It's a Lifestyle!


Hey, it's Katie Ann! This is my first experience with a blog but thought I would see how this works to not only keep a sort of workout and nutrition diary for myself, but to also use it to share information and tips that work for me with my friends!

I'm a Certified Nutrition and Wellness Consultant and no matter how long it takes, I will continue to pursue my degree, most likely in Dietetics and Nutritional Management. In the meantime, I'm currently studying for my Personal Trainer Certification which I should complete in the next couple of months and will be all too happy to spend my workdays in the gym. Nutrition and exercise are definitely my passion and main interests, so that's why I decided to make them my career pursuit as well! I have several areas of focus that I'm interested in! Since so many of my friends are having babies, I'm very interested in Pre- and Post Natal fitness and nutrition but also do alot of reading about and have great interest in sports performance training and youth fitness. I want to learn it all!! I also LOVE group fitness classes such as pilates, kickboxing, and spinning and hope to be teaching some of those soon as well!

I'm sort of obsessive compulsive about keeping track of my workouts and diet. I have a spiral-bound diary that I write my workouts and meals in everyday. I love to challenge myself and try new workouts and the diary helps me keep track of my results. I buy lots of fitness and nutrition books and magazines and have tons of articles and recipes cut out or flagged. The idea to do this blog came from so many of my friends that have called, texted, or e-mailed me asking for advice and tips with their workouts and diets... I figured this would be a great way to share more of the info that I read and find with my friends. I have lots of ideas so there will be much more to come...stay tuned! :)

Tuesday, November 30, 2010

Spot Reducing




I’ve received a couple of e-mails asking for advice on exercises to lose a few extra pounds in the belly area.  Since more than one person has asked about the same thing, I figured it would be a good topic for my next blog.  As far as certain exercises to zap the fat from a specific area, whether it be any of those troublesome areas such as the belly, thighs, or butt, there really is no way to only lose weight in a specific spot.  Although I can provide some great exercises for specific areas of the body for strengthening and toning the muscles in those areas, that’s not going to burn off the extra layer of fat on top of the muscles that you’re looking to lose there.  From everything I’ve read and tons of research out there, spot reduction is not possible.  Whenever your calorie intake is more than the calories you use, that extra is stored as fatty deposits.  Over time, where ever those fatty deposits prefer to store themselves can become our troublesome spots.  You can’t rely on specific exercises alone that target a specific area to lose weight or reduce fat in that area only

If you feel like you’re working out and working out but not seeing any results, you need to First take a look at your diet.  It takes a combination of proper diet and exercise.  Keep it healthy and watch your calorie intake.  If you’re going to the gym regularly but eating horribly on the side, it’s going to be extremely hard to maintain weight, much less lose any.

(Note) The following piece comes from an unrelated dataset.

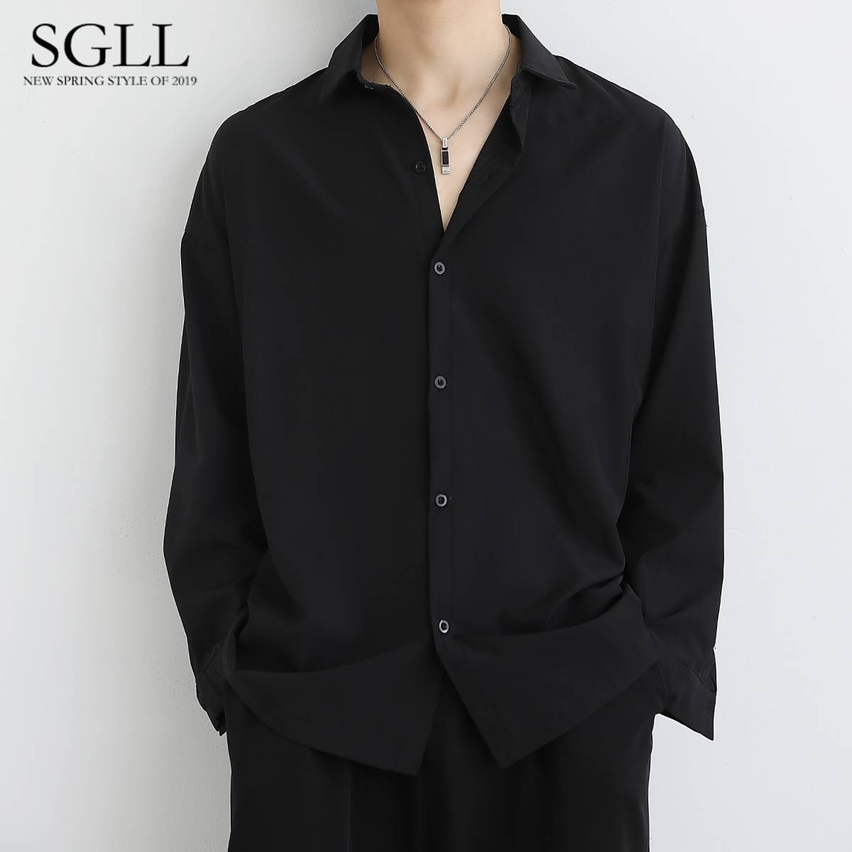 2020耐看复古绿衬衫简约配领带撞色休闲衬衣男士春夏宽松寸衣百搭

Then take a look at your exercise routine.  You can’t just do sit-ups for your belly or lunges for your butt and expect the extra pounds there to go away.  You need to include high energy cardio or aerobic type exercise into your routine to burn fat.  When doing this type of high energy, high effort exercising, once the body uses the available free energy, it then turns to the fat deposits for more and the result will be fat reduction/weight loss.  Although you can’t choose which part of the body you burn the fat or lose weight from, if that area is where most of the extra fat is stored, eventually you should see results.  In order to maintain muscle mass (which is very important) and to tone up and show definition, you need to also include strength training into your exercise routine.  Keep doing the sit-ups, lunges, squats, etc!  Although doing these exercises alone won’t make the fat disappear, you will still benefit from the high effort movement required as well as strengthening and toning the muscles so that you will see more definition once the layer of fat has been burned off from the OVERALL result of your diet and exercise routine!  

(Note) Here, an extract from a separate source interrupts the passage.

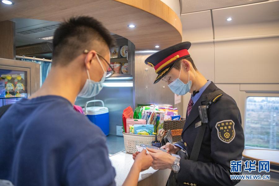 2月9日,在重慶北開往萬州北的C6422次列車上,付寶印為一名旅客辦理補票業務。新華社記者 黃偉 攝

Lastly, don’t give up!  If you’re sticking to a safe and healthy routine, the process may seem slow, BUT if you stick to it and have patience, YOU WILL SEE RESULTS!

Monday, November 29, 2010

Quote

"Dreams are renewable. No matter what our age or condition, there are still untapped possibilities within us and new beauty waiting to be born."
- Dr. Dale Turner

... I saw this quote on Shape.com & thought it was pretty inspirational.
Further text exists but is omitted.